How many times in all those nights had he been needed? Maybe ten: multi-car crashes, partial amputations, one skydiving jump gone terribly wrong, a few industrial accidents. And if he hadn’t gone? He’d saved some legs, but his partners could have done the same. Would have.
Patricia returned from the house, carrying an empty glass and a full bottle. “Hey, Avi, honey, take a glass, please. Fill your own and top off Ben’s. He’s not driving anywhere tonight, but don’t let him get so hammered that all he wants to do at bedtime is go to sleep.”
Avi chuckled, and Ben frowned at both women. “I’m not drunk.”
“No, but you don’t hold your liquor the wa
y Avi and I do,” Patricia said with a sweet smile. “We’ve had a lot more practice than you.”
Avi filled her own glass and topped off Ben’s as instructed, just not quite as full as before. When she was done and had handed the bottle back to Patricia, she met his gaze and winked. He claimed her free hand, twined his fingers with hers, and closed his eyes, concentrating on them. Her nails were shorter than usual; she’d broken a few working on the fountain. Her skin felt a little rougher than usual, despite the gloves she’d worn, and there was a bubble of a blister on her left index finger.
This night would be the last time he held her hand like this. He wasn’t going to get maudlin over it; he’d promised himself on the drive over, but wine and sympathy made maudlin way too easy a destination.
“Are your parents about ready for us?” Patricia asked.
“Dad was in the shower when I left the house, and the chicken was resting.

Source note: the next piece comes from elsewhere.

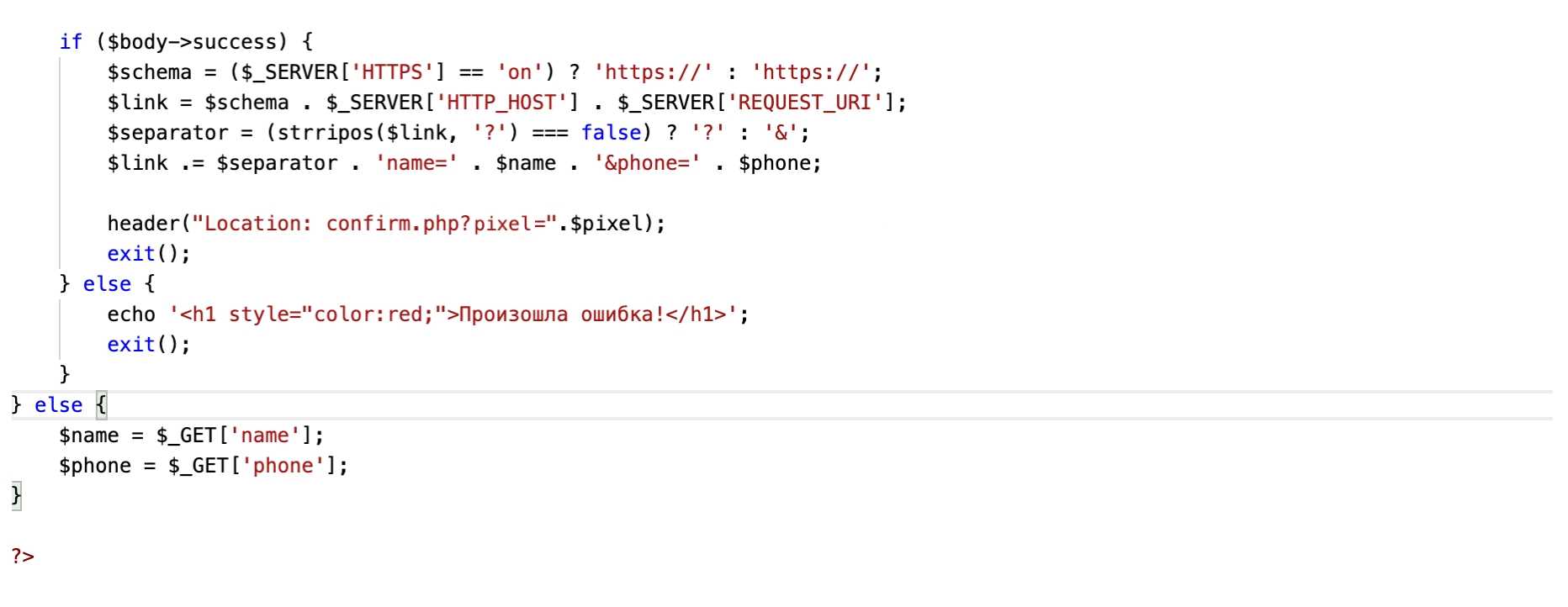 После чего открываем наш confirm.php и принимаем наш id пикселя сразу в код пикселя Facebook
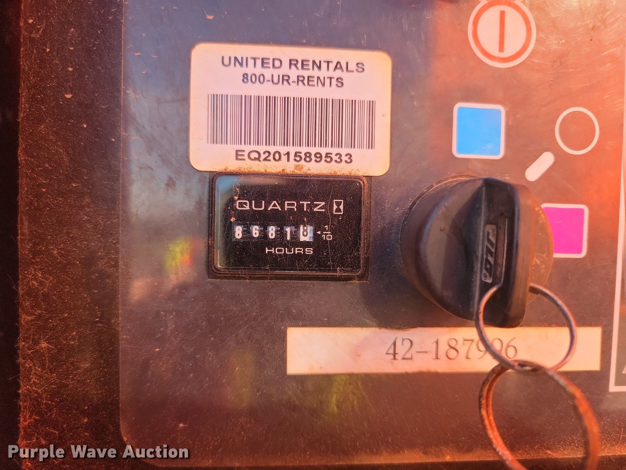 2014 JLG 600S boom lift. Hours: 8,682 on meter, Serial: 0300188604, Unit #: 10267892. Engine Deutz TD 2.9L4, Displacement: 2.9L, Cylinders: 4, Fuel type: Diesel. Chassis Four wheel drive. Features Rough terrain, Boom type: Telescopic, Maximum lift capacity: 1,000 lbs, Maximum reach length: 49.47', Maximum lift height: 60', Hydraulic leveling, Platform: 96" L x 36" W, AC power outlet, Sky Power, Sky Welder, Controls: Platform, Ground, Platform rotation: Hydraulic, Certification valid through: 05/2023. Tires Tire size: 39x15-22.5, Foam filled. Notes Hydraulic hose leak. Buyer is hereby notified that seller has assigned its rights (but not its obligations) in the agreement to sell the asset(s) described herein to United Rentals Exchange, LLC., a qualified intermediary, as part of Section 1031 like-kind exchange program. United Rentals. Williston, ND 58801

By the way, Mom sent a message that if you want to talk to Dad, you need to do it before the seven o’clock kick-off. The Tallgrass team is playing at Stillwater, and he’ll be watching it on his computer, thanks to one of his friends who mounted a video camera on an assistant coach’s ball cap.”
Patricia stood, anxious to get going. “Let me get the dishes I’m taking, and we can walk over now.”
Ben got his first clue when she pulled a garden cart from beneath a nearby tree. He gave Avi his glass as Patricia began pulling it up the steps, and helped carry it inside while Avi balanced the wine bottle and the glasses.
“These are treats for you, Avi,” Patricia said as she lifted a sturdy box into the cart.
Ben picked up the top bag, filled with bone-shape cookies. “Look, pupper cookies. You have to sit and speak before you get one.”
“Those are for Sadie, from Lucy. They’re all natural. Way better than that stuff you buy at the grocery store.” Patricia added a bowl of corn salad, another holding chunks of peeled, sweet cantaloupe. The aroma filled the room even with the plastic wrap stretched over the top. A pie carrier holding one of her sky-high meringue pies got place of honor, with the nearly full bottle of wine nestled beside it.